I began reading Crime and Punishment a few days ago. It's sometimes fun to speculate about how one's reaction to a book might be colored by the author's reputation—in this case, a large one. With, say, Ulysses, I'm pretty confident I'd ditch it in a minute, or five pages, if not for knowing beforehand that it's one of the most esteemed works of the twentieth century. So you persist, if you persist, partly to try and discover what other people, but not you so far, have discerned. That's the opposite of how I feel about Crime and Punishment! It seems like a pot-boiler, pulpy, overdrawn, fantastical, a melodrama. I'd never guess that it's regarded as a masterpiece of the world's literature, but I'd tear through it just to find out what happens. Will Raskolnikov kill the wretched old pawnbroker? If he does, will he be found out? Will the mass of forward pages unfurl like a police procedural, 19th-century St Petersburg, Russia style? What about his sister, Dunya—will her impending marriage to Luzhin occur? will he turn out to be a self-seeking prig and bully, as foreseen by Raskolnikov?

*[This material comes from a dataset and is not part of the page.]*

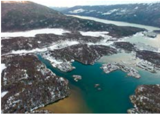
La Dirección Ejecutiva del Fondo para el Medio Ambiente Mundial (GEF por sus siglas en inglés) aprobó el concepto del proyecto "Restauración de Ecosistemas en siete áreas protegidas de la Argentina" y otorgó una subvención para su preparación.

reposición del GEF-8, enfocado en ampliar los esfuerzos para combatir la pérdida de biodiversidad, el cambio climático y la contaminación. En este contexto, se

To give one small example of what I mean by such adjectives as "overdrawn" and "fantastical": you could not say that Dostoevsky makes use of the trope about the "prostitute with a heart of gold" because, in his work, she's a saint, a Christian, a suffering servant. He one-ups sentimental rubbish. He'd be easy to lampoon but I can't set him down.
Dostoevsky: a guilty pleasure.
Of course, I do know something about the author and his reputation, so I can see, too, that the book is going to be a vehicle for exploring various philosophical/religious ideas, such as: Should the goal of life be to achieve a surplus of pleasure over pain and become, in a term not yet invented, self-actualized? The answer to that is going to be a thundering No, but, to tell the truth, I hardly care: I just want to know what's going to happen. One senses that the book was written in a kind of fever—because, while reading, you feel like you've caught it.